Negative-Staining Electron Microscopy

Proteins were diluted to a concentration of about 0.02 mg/ml, adsorbed to freshly glow-discharged carbon-film grids for 15 seconds, washed with a buffer containing 10 mM HEPES, pH 7 and 150 mM NaCl, and stained with 0.7% uranyl formate. Images were collected semi-automatically with SerialEM (Mastronarde, 2005) on an FEI Tecnai T20 electron microscope operating at 200 kV and equipped with a 2k × 2k Eagle CCD camera at a nominal magnification of 100,000 and a pixel size of 0.22 nm. To estimate the fractions of aberrant trimers, particles were picked automatically and manually from micrographs of BG505 SOSIP.664, 113C-429GCG, and 113C-431GCG using e2boxer from the EMAN2 software package (Tang et al., 2007) and subjected to reference-free two-dimensional classification in EMAN2, SPIDER (Frank et al., 1996) (operation: AP C), and Xmipp (Scheres et al., 2008). The obtained class averages were assigned manually to either the native or aberrant trimer conformation based on expected sharp, symmetrical, propeller-like views typical of correctly folded HIV glycoproteins. The fractions of incorrectly formed trimers were then calculated based on numbers of particles forming the “native” and “aberrant” classes. The three software packages produced similar ratios, which were averaged to produce the final values.

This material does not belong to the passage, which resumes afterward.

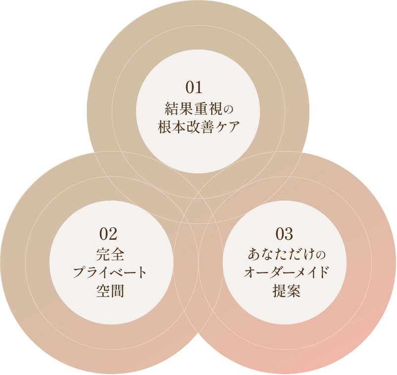 誰の目も気にすることなく、心からリラックスできるあなただけの空間をご用意。お悩みも気兼ねなくご相談いただけます。
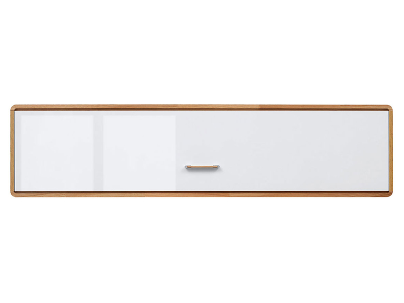 Ett stilrent väggskåp med en högblank vit front och ekdetaljer på kanterna och toppskivan. Väggskåpet är indelad i tre fack som gör det mycket praktisk och kan med fördel hängas över mediabänken i samma möbelserie.

For three-dimensional reconstructions, extended datasets were collected, each containing equal numbers of micrographs obtained at tilt angles of 0°, 15°, 30°, and 45°. Tilted micrographs were divided into two vertical slices each for more accurate contrast transfer function (CTF) correction. The initial datasets for BG505 SOSIP.664, 113C-429GCG and 113C-431GCG contained 25856, 22430, and 21234 particles, respectively. EMAN2 was used to estimate CTF parameters and perform CTF correction by phase flipping. Reference-free 2D class averages were obtained using SPIDER (Shaikh et al., 2008) by rotationally and translationally aligning all particles in a dataset and performing correspondence analysis and classification. Selected SPIDER class averages were then used to generate initial 3D maps in EMAN2 with C3 symmetry imposed. These maps were filtered to a resolution of 40 Å and used as initial models for three-dimensional reconstruction and refinement using reference projections in SPIDER. The C3 symmetry was used during the reconstruction and refinement. A limit was placed on the number of particles assigned to a single orientation to overcome the strong preferential orientation typical of HIV glycoproteins adsorbed to carbon. A total of 18142, 10370, and 10884 particles contributed to the final maps of BG505 SOSIP.664, 113C-429GCG and 113C-431GCG, respectively. The resolutions of the final maps were 17.6 Å, 18.9 Å, and 18.8 Å, respectively, when a Fourier shell correlation (FSC) threshold of 0.5 was used. The maps were visualized using UCSF Chimera (Pettersen et al., 2004).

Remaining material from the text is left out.